Wednesday, January 17, 2024

Friend Indeed

 "Can you hold my watch?"

The hand that came up between the front seats had said watch dangling by the band.

"And could you turn the music down just a bit?"

I had turned it up as a consideration to myself, thinking that I didn't want to hear much if any of the muffled sounds from the back seat. I turned down the volume. Just so much, but no more. 

Meanwhile, the slap and tickle fest that was this Friday night was in my back seat continued. I put the watch on my gearshift and stared off into the darkness. The cul-de-sac where we were parked had been divined over some time and research suggested that traffic would be minimal to non-existent in this little corner of heaven. 

I sat there, looking forward instead of back since I was supposed to be invisible. Or as non-existent as the traffic for the purposes of this make-out session. 

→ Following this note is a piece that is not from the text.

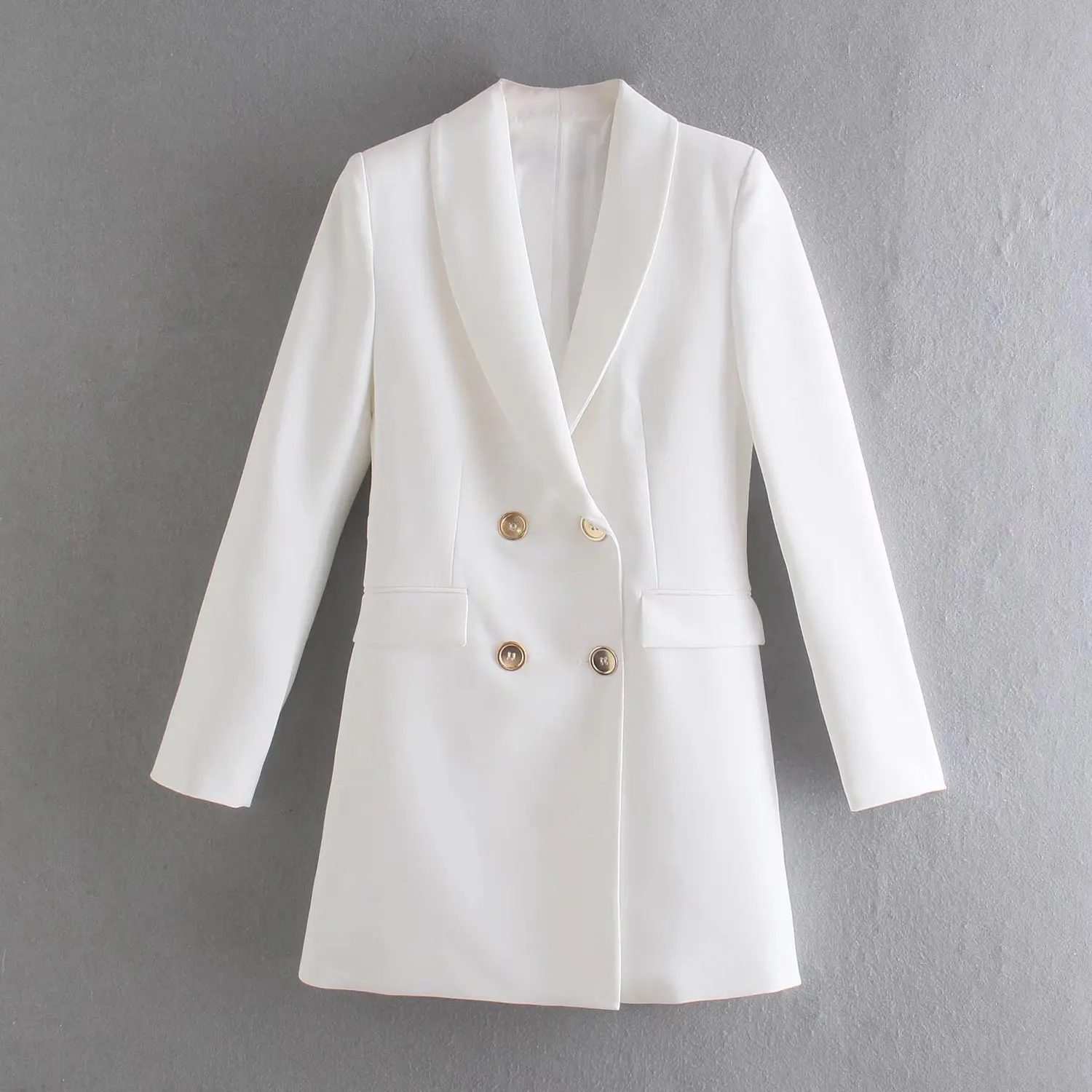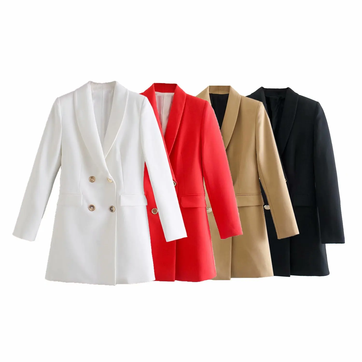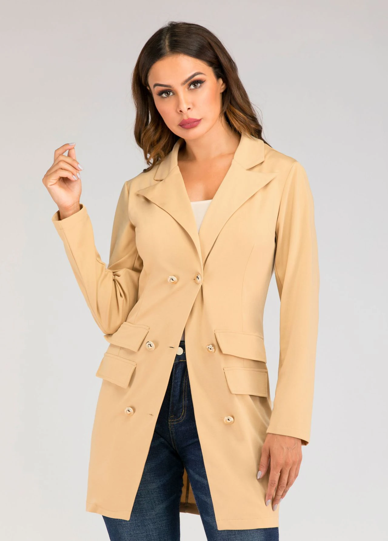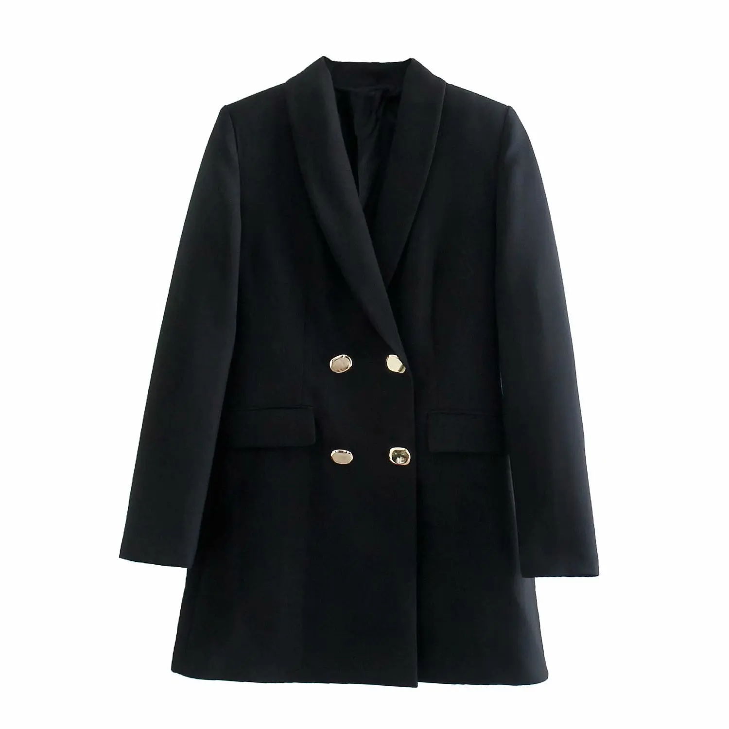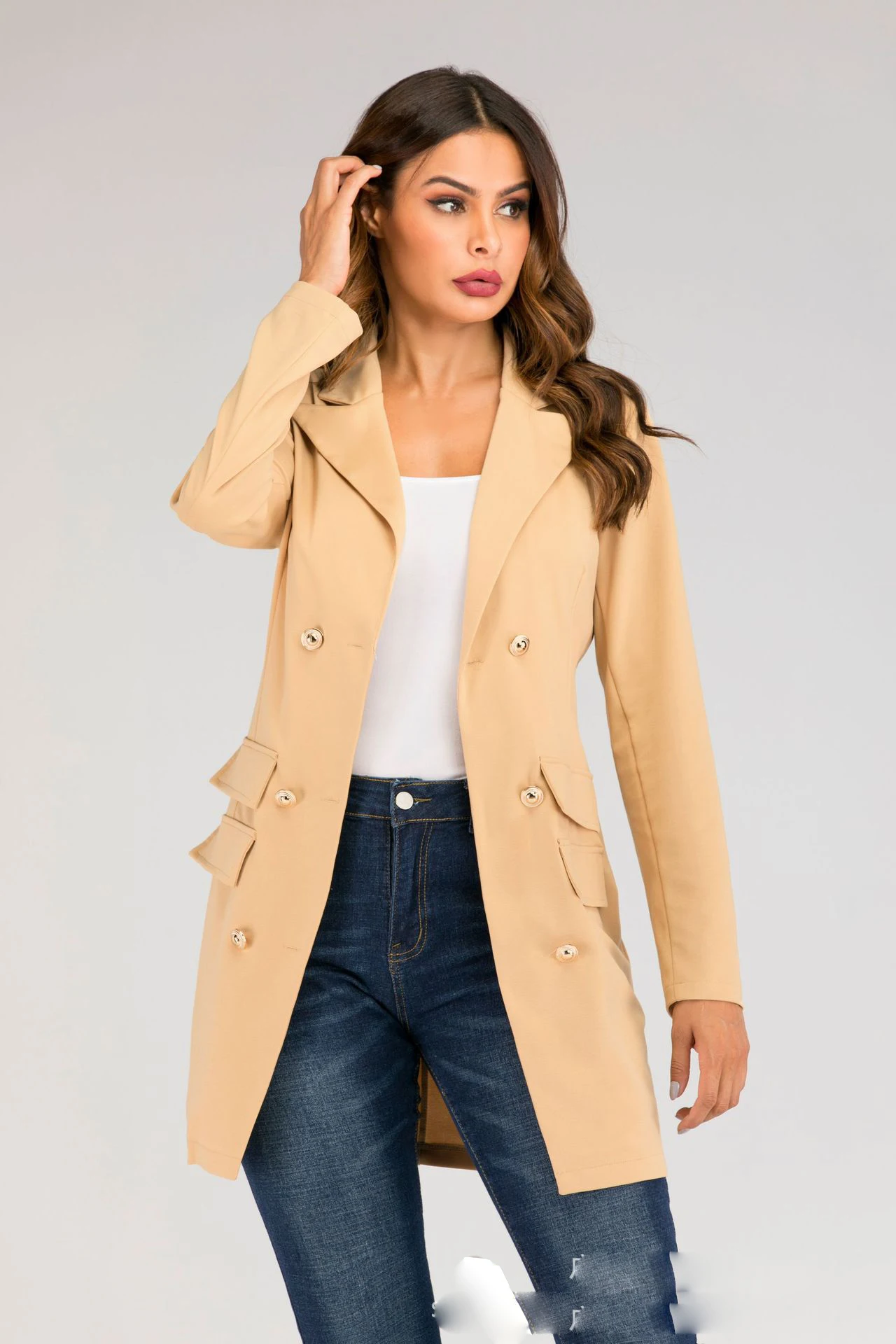 Женский офисный блейзер с карманами, повседневный двубортный длинный пиджак с длинным рукавом, Осень-зима
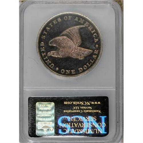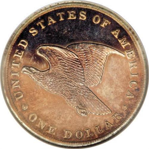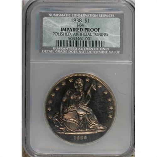 <B>1838 PS$1 Name Omitted, Judd-84 Restrike, Pollock-93, R.5--Polished, Artificially Toned--NCS.</B></I> <B>Impaired Proof.</B></I> Silver. Reeded Edge. Die Alignment III (head of Liberty opposite the NE of ONE; or equivalently, coin-turn with the eagle flying level). Both sides are unnaturally bright, even for a proof striking, with tinges of orange-gold and violet toning in the recesses. Classified as a "restrike," this term seems superfluous as it appears that all 1838 Dollars that exist today are restrikes. No "original" 1838 Dollar has been authenticated to our knowledge, and it is believed by some numismatists that no 1838 Dollars were actually struck in 1838. If this is correct, then all 1838 Dollars are restrikes.<BR>Of the three die cracks normally found on the reverse, only the short crack connecting the bases of the letters LAR (of DOLLAR) can be detected here with any certainty. The presence and size of these die cracks, when compared with other Gobrecht Dollars struck with the same reverse die, indicate that this piece was probably made during one of Linderman's two terms of office. Most Gobrecht Dollar restrikes are known to have been made between 1857 and 1860 (during Snowden's term of office), or from 1867 to 1869 (during Linderman's first term), or from 1873 to 1878 (during Linderman's second term as U.S. Mint Director). Even though their origin is a bit hazy, the scarcity of these 1838 Restrikes when combined with the popularity of the Gobrecht design make them sought-after numismatic commodities. <BR><BR><b>Shipping:</b> Coins & Currency (<a target="_blank" href="http://www.heritageauctions.com/common/shipping.php">view shipping information</a>)

How did I get here? I was a junior in high school. I was friends with a senior, who started dating a sophomore. He didn't own a car, so when he wanted to show his girl a good time, at least to the extent that the back seat of a 1972 Vega could be considered a good time, he called on me to drive him and his date to this one particular corner on the north end of town. 

And I went. 

Because I wanted to ensure that I would still be friends with that senior. And his girlfriend. Who might not be his girlfriend if he didn't have access to my back seat. So what I am saying here was that I was willing to allow myself to be mixed up in my friend's relationship in order to be friends with a senior. This in turn allowed me the privilege of chamfering him and his lady friend to dark corners of the suburbs. 

If you were to suggest that I was desperate for friends in high school, I would ask only that when you point at this example that you don't laugh. It's okay to point. It's okay to laugh. But it's not okay to point and laugh.